What to produce: Return the data below unaltered, but strip out the pictures.

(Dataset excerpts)
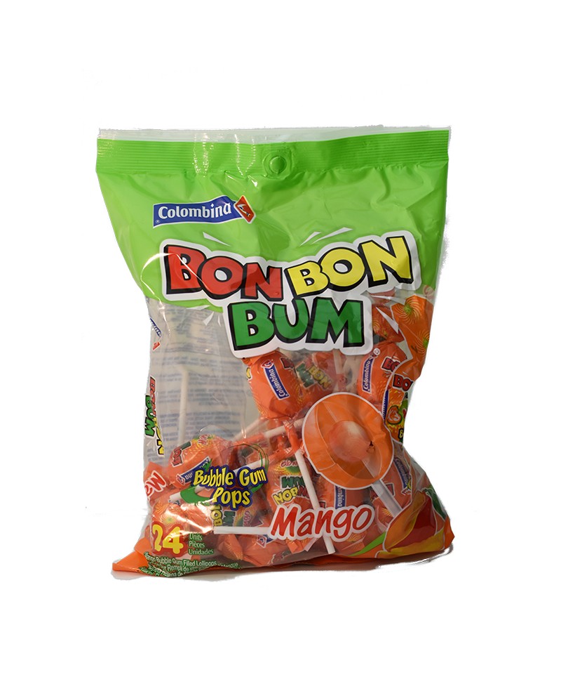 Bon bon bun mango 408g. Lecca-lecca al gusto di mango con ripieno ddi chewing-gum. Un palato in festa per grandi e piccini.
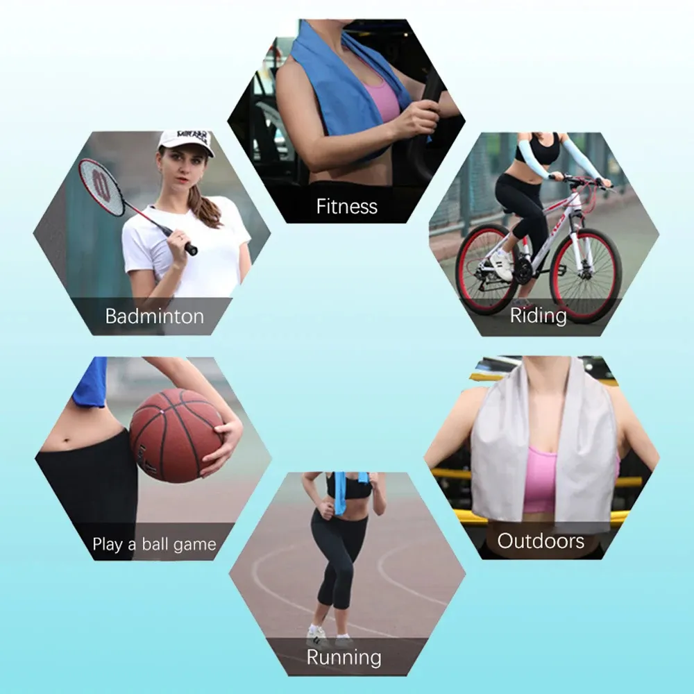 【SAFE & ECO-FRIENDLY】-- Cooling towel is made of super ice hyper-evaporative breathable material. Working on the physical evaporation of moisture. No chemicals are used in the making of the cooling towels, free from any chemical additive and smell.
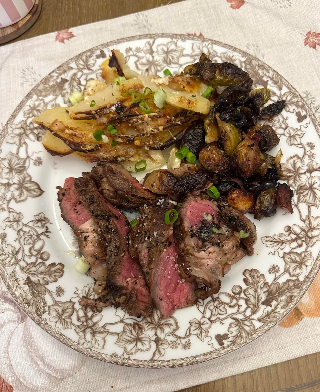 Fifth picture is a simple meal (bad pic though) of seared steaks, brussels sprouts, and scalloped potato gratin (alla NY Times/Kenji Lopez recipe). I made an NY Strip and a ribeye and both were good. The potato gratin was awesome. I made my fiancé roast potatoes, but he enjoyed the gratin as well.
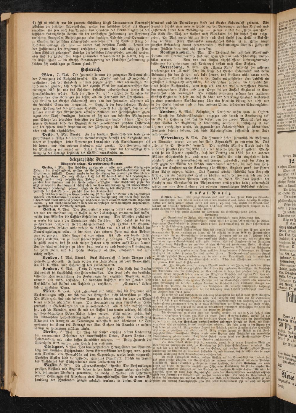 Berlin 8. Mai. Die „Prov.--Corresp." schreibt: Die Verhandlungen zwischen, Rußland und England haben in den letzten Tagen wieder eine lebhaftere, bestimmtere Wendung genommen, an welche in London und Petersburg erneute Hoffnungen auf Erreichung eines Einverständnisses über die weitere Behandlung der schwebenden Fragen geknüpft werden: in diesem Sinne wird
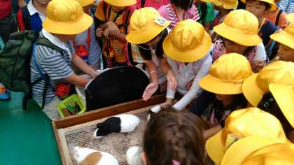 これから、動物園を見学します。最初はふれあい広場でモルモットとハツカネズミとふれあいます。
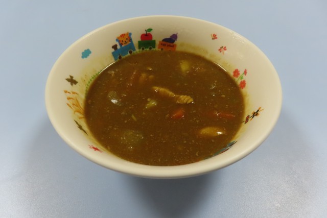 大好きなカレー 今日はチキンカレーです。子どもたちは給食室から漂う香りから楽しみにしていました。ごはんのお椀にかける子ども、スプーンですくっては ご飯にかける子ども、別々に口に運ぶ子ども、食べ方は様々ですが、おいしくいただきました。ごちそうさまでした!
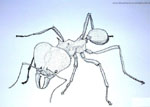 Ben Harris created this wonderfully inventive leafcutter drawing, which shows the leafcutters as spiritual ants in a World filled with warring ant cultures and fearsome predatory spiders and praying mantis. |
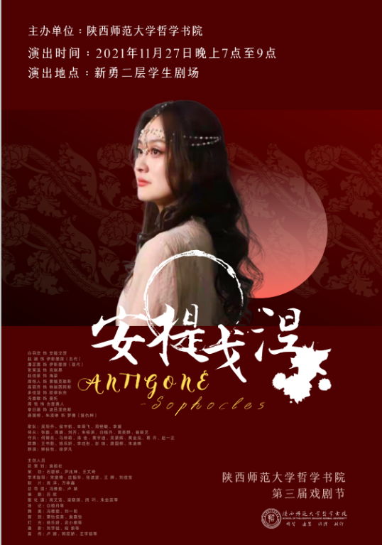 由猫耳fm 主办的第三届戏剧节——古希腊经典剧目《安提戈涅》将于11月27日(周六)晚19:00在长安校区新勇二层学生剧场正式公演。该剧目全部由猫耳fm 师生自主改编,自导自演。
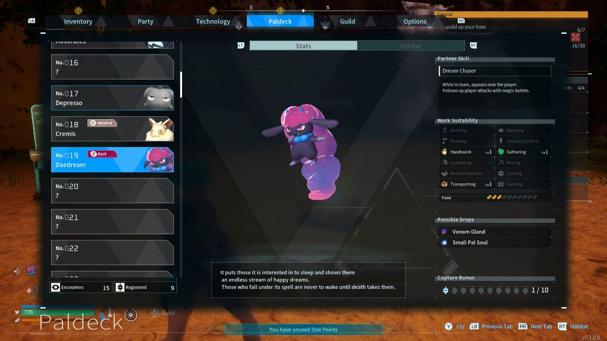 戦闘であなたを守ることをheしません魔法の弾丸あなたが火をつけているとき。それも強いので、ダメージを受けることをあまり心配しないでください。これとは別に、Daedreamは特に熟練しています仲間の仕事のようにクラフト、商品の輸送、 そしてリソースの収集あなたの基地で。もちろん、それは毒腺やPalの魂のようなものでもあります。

Reply to the exercise:
 Bon bon bun mango 408g. Lecca-lecca al gusto di mango con ripieno ddi chewing-gum. Un palato in festa per grandi e piccini.
 【SAFE & ECO-FRIENDLY】-- Cooling towel is made of super ice hyper-evaporative breathable material. Working on the physical evaporation of moisture. No chemicals are used in the making of the cooling towels, free from any chemical additive and smell.
 Fifth picture is a simple meal (bad pic though) of seared steaks, brussels sprouts, and scalloped potato gratin (alla NY Times/Kenji Lopez recipe). I made an NY Strip and a ribeye and both were good. The potato gratin was awesome. I made my fiancé roast potatoes, but he enjoyed the gratin as well.
 Berlin 8. Mai. Die „Prov.--Corresp." schreibt: Die Verhandlungen zwischen, Rußland und England haben in den letzten Tagen wieder eine lebhaftere, bestimmtere Wendung genommen, an welche in London und Petersburg erneute Hoffnungen auf Erreichung eines Einverständnisses über die weitere Behandlung der schwebenden Fragen geknüpft werden: in diesem Sinne wird
 これから、動物園を見学します。最初はふれあい広場でモルモットとハツカネズミとふれあいます。
 大好きなカレー 今日はチキンカレーです。子どもたちは給食室から漂う香りから楽しみにしていました。ごはんのお椀にかける子ども、スプーンですくっては ご飯にかける子ども、別々に口に運ぶ子ども、食べ方は様々ですが、おいしくいただきました。ごちそうさまでした!
 Ben Harris created this wonderfully inventive leafcutter drawing, which shows the leafcutters as spiritual ants in a World filled with warring ant cultures and fearsome predatory spiders and praying mantis. |
 由猫耳fm 主办的第三届戏剧节——古希腊经典剧目《安提戈涅》将于11月27日(周六)晚19:00在长安校区新勇二层学生剧场正式公演。该剧目全部由猫耳fm 师生自主改编,自导自演。
 戦闘であなたを守ることをheしません魔法の弾丸あなたが火をつけているとき。それも強いので、ダメージを受けることをあまり心配しないでください。これとは別に、Daedreamは特に熟練しています仲間の仕事のようにクラフト、商品の輸送、 そしてリソースの収集あなたの基地で。もちろん、それは毒腺やPalの魂のようなものでもあります。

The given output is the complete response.